Gary Miller talked on solving linear systems defined from weighted graphs (essentially the diagonal degree matrix minus the adjacency matrix). These systems have surprisingly many applications involving electrical circuit simulation, heat flow in circuits, computation of Google pageranks, image segmentation, image denoising, maximum flows, approximate graph separators, graph drawing by simulation of spring systems, and spectral graph drawing and partitioning. Spielman and Teng in 2004 showed that these linear systems can be solved approximately by iterative methods in an amount of time that differs from linear by a polylogarithmic factor, but a big one: log¹⁵ or so. Miller shows how to cut the logs down to one or two. The main idea is to use preconditioners formed by a combination of random sampling based sparsifiers (with sampling probability proportional to electrical resistence, estimated using low-stretch spanning trees) to reduce the number of edges and judicious use of Gaussian elimination to reduce the number of vertices. But as Gary said somewhere in the middle about one of his steps, "Unfortunately it would be nice to have practical algorithms for this...the low stretch spanning tree is a problem." The fact that all of these algorithms are numerical and approximate may also be a limitation, at least in some of the applications: in Tutte's spring embedding method for finding convex drawings of planar graphs, for instance, one needs polynomially many bits of precision to find a good solution, and these methods have a term in their running time proportional to the number of bits.

Anirban Dashupta spoke about his work at Yahoo dealing with large sparse heavy tailed distributions on user data. One example was spam filtering: after some preliminary filtering steps, they turn emails into word frequency vectors, use random projection to reduce the dimension of the vectors, and represent user filtering preferences as linear separations of the reduced-dimension space. Another topic in his talk was finding near-duplicate query results using locality-sensitive hashing (by now a fairly standard idea); by reducing the independence of the different hash functions used in this step he was able to perform it more quickly.

Eugene Fiume gave a beautiful talk about the challenges inherent in computer graphics that largely ended up being a review of art history. He also showed some optical illusions, an uncanny valley example, and an amusing applet of a walking stick figure with a slider for male/female stereotyped behavior. "The human vision system doesn't just sense things, it tries to make sense of things", which is why techniques such as dithering can improve the appearance of images despite reducing mathematical measures of how accurate they are.

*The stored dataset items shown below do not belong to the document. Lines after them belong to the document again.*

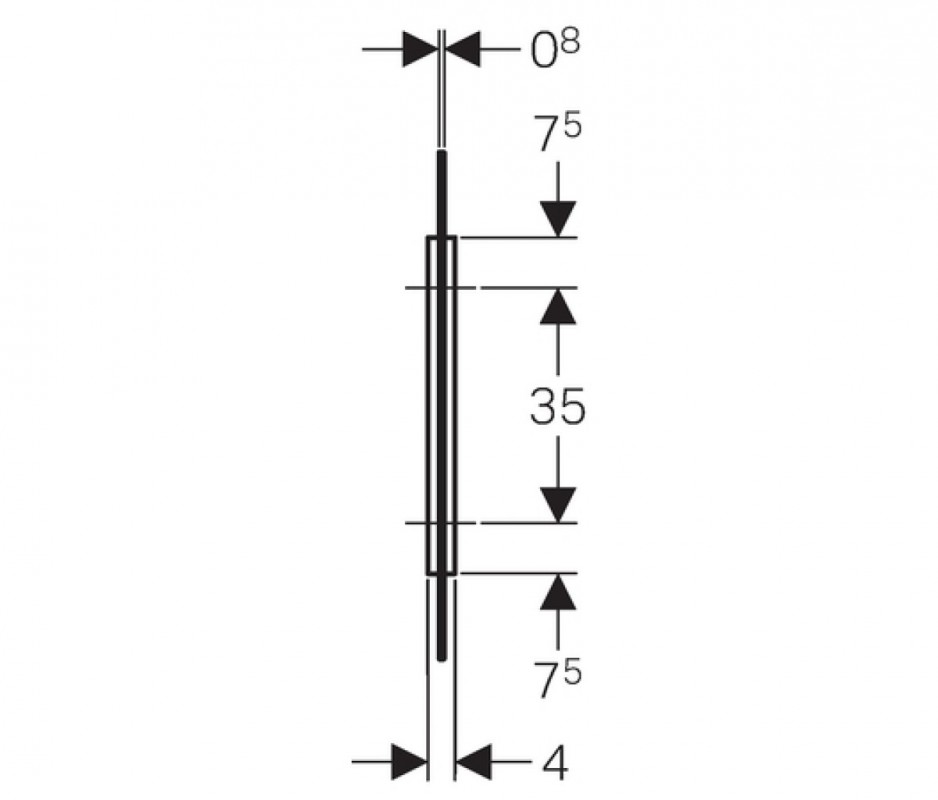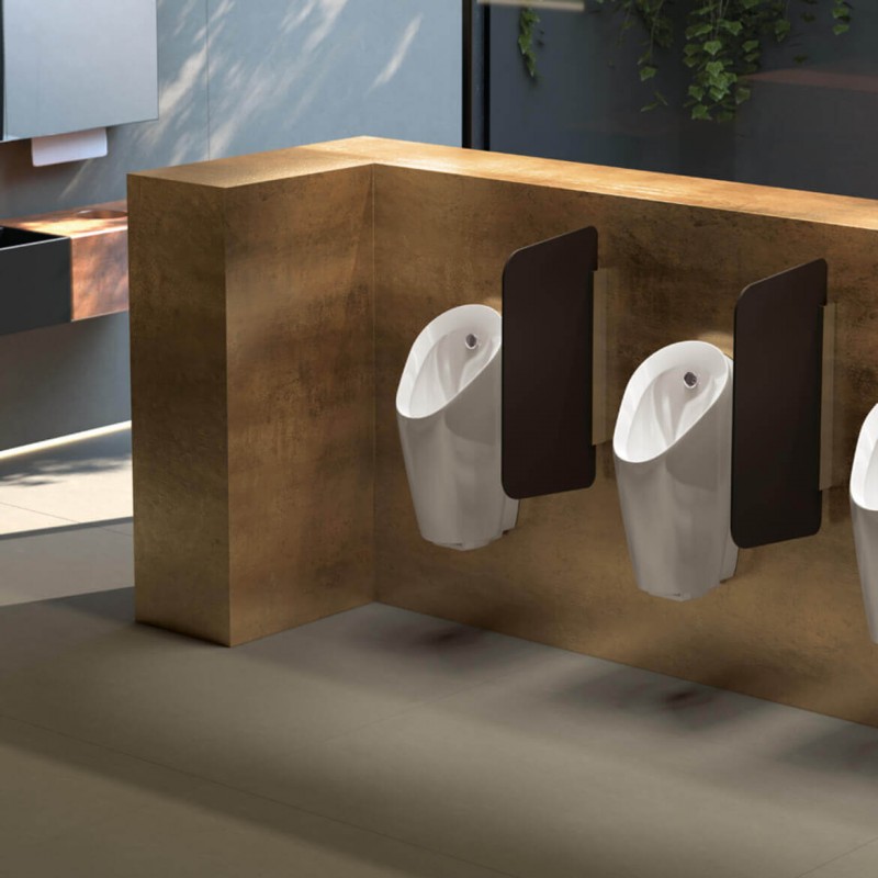 Перегородка між пісуарами GEBERIT виготовлена зі скла, має розміри 754 х 432 мм, представлені в кольорах: світло-сірий, білий і умбра. Перегородка монтується на тверді стіни, розділяє пісуари при рядном монтажі, дозволяє комфортно експлуатувати пісуари в суспільних місцях.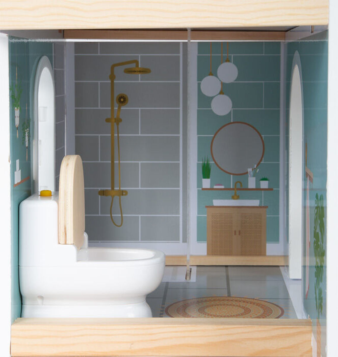 Tento moderní domeček pro panenky má otevřenou přední stranu s krásnými uměleckými detaily a moderním interiérem. Kombinovaná kuchyně s jídelním koutem, .. více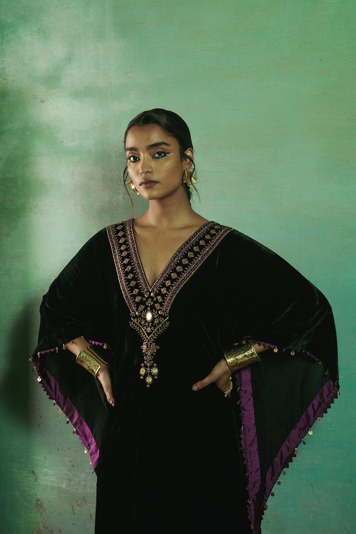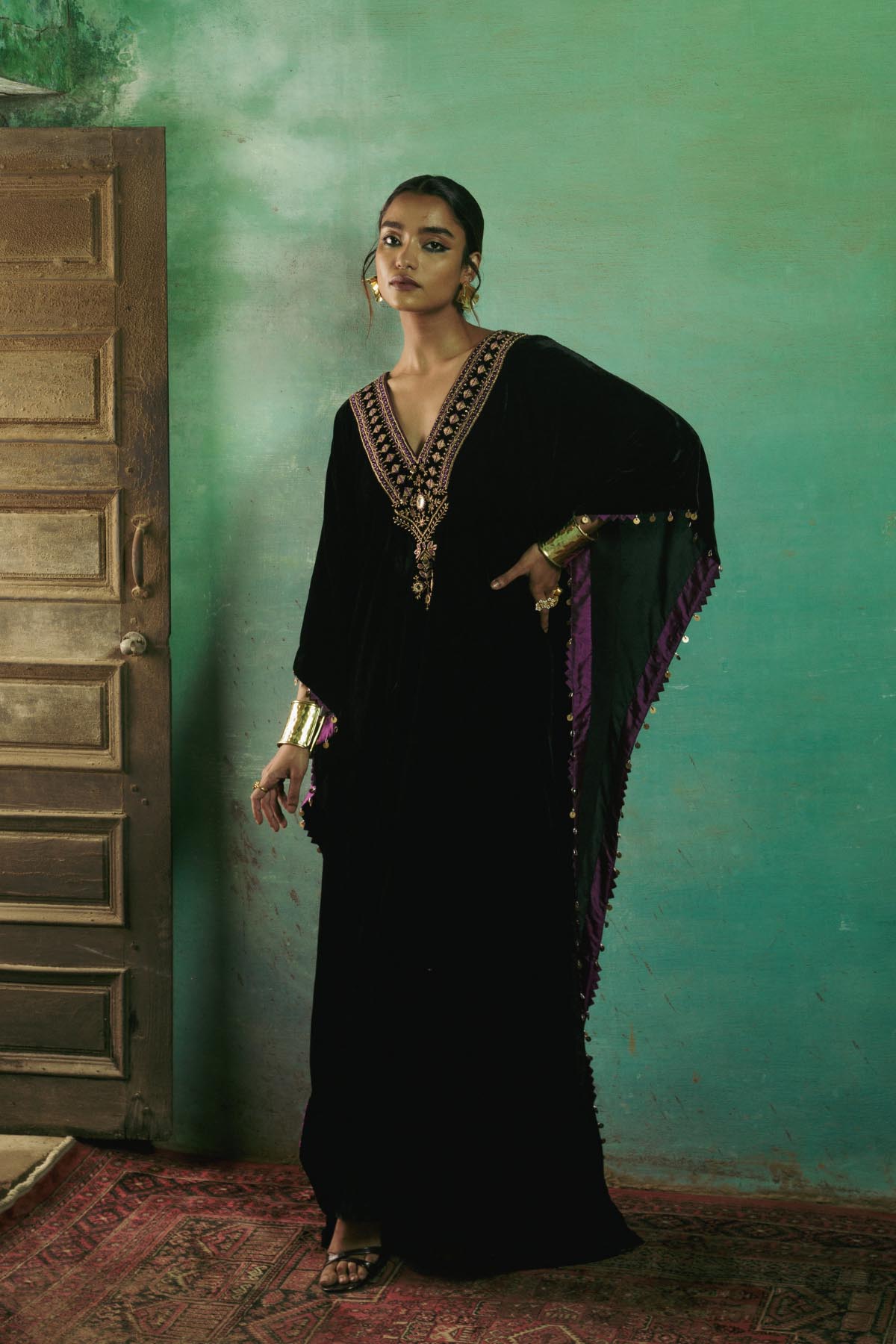 Black silk velvet drapes down the shoulder to the ankle in this floor-skimming kaftan with a plunging neckline and contrast silk panel hemming the inside. An intricately embroidered yoke is what makes this otherwise casual look go the extra mile.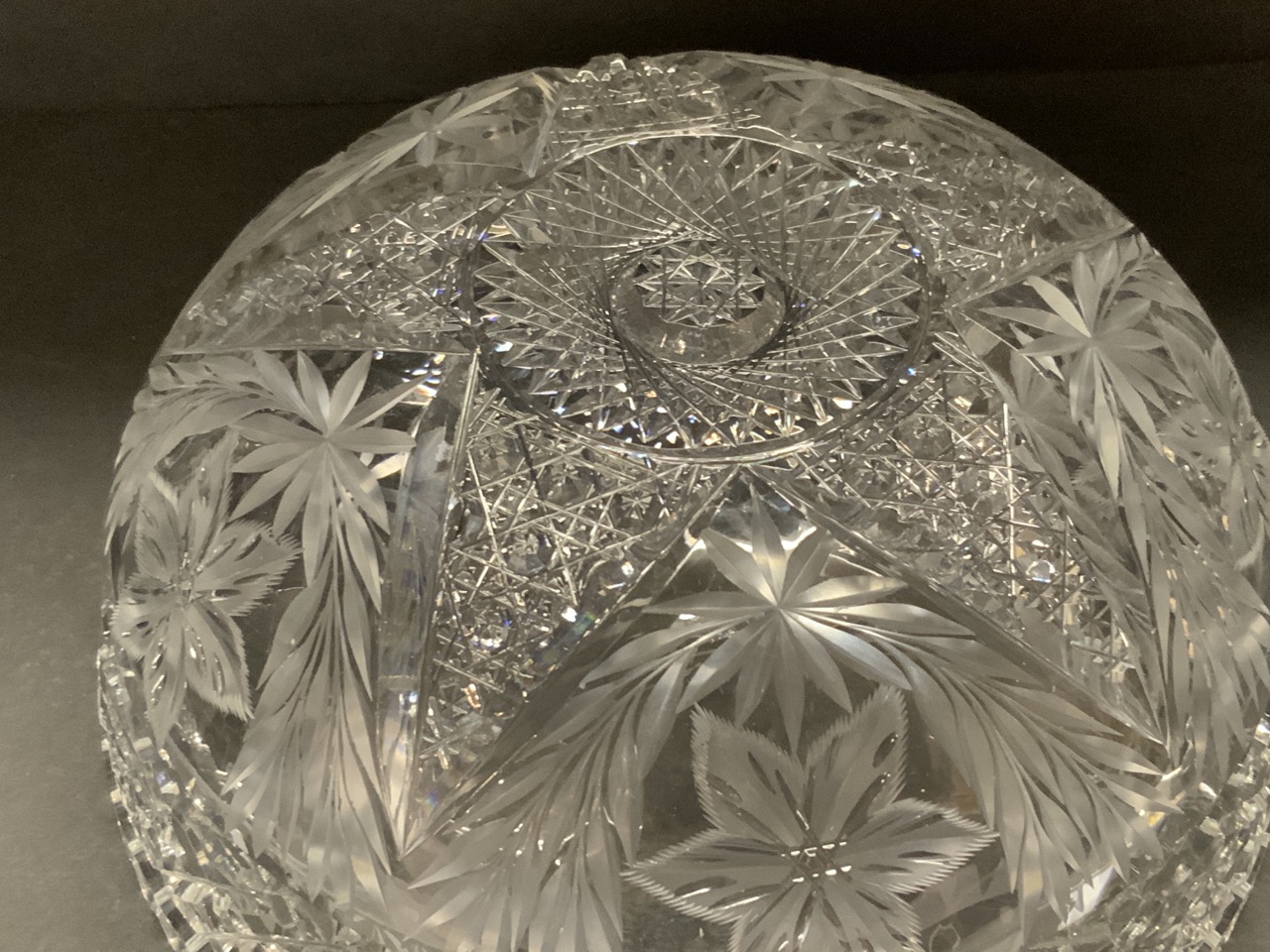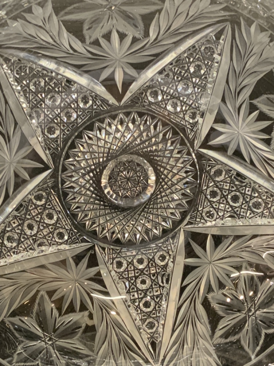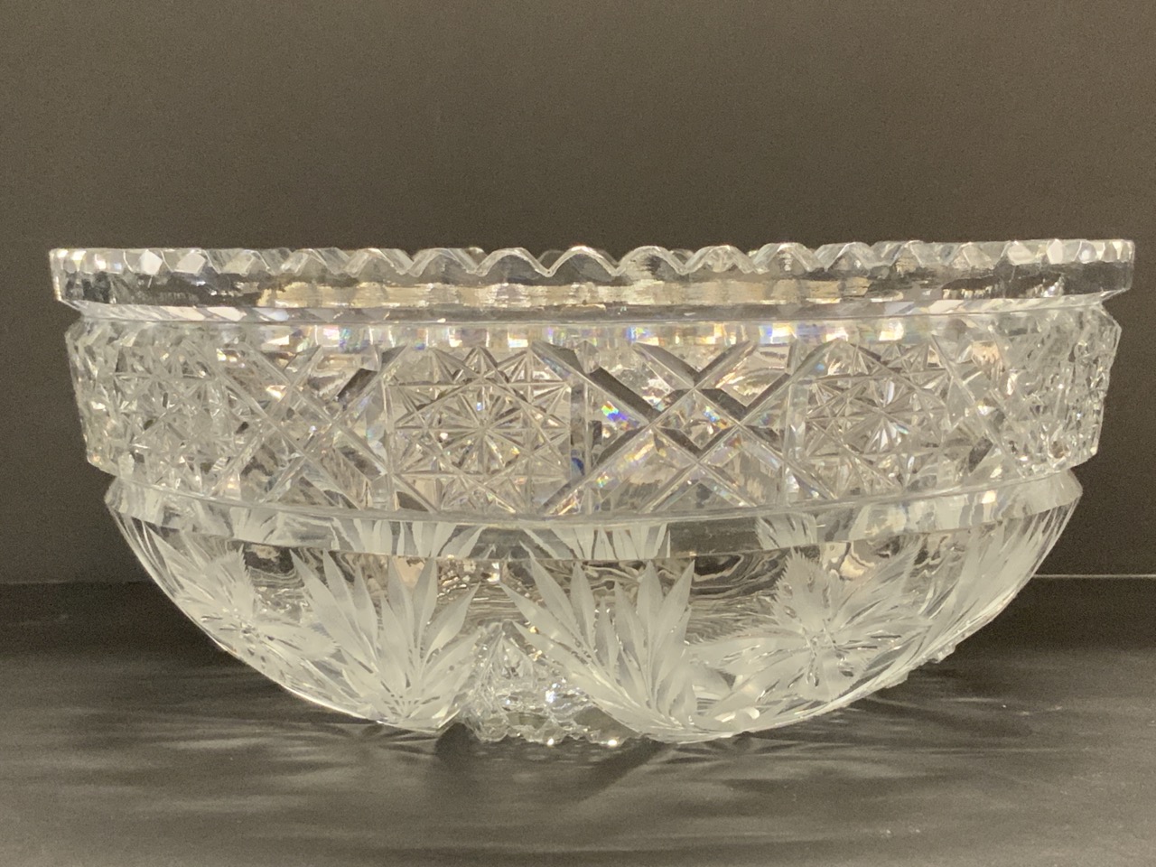 ABCG cut glass bowl with intaglio design.

David Blei gave us an introduction to topic modeling: in a now-standard method in this area developed by Blei, latent Dirichlet allocation, one models a topic as a probability distribution over words and the words in an individual document as being drawn from a mixture of a small number of topics. Topics can drift (their distributions of words changes over time), and he discussed an idea for using this to measure the impact of a paper: influential papers are the ones with the biggest effect on topic drift. Despite having nothing to do with citation counts or other social network data (it just uses the words in the papers) this does have a strong correlation to citation counts, but it also misses some influential papers (an example being Marcus et al. 1993 on the Penn Treebank, which is influential less in terms of its language and more in the dataset it describes). He also talked about using these models in recommendation systems: on their own (using only document word content to recommend research papers to other researchers) they work pretty badly, but they can be used together with collaborative filtering to give better recommendations than collaborative filtering alone.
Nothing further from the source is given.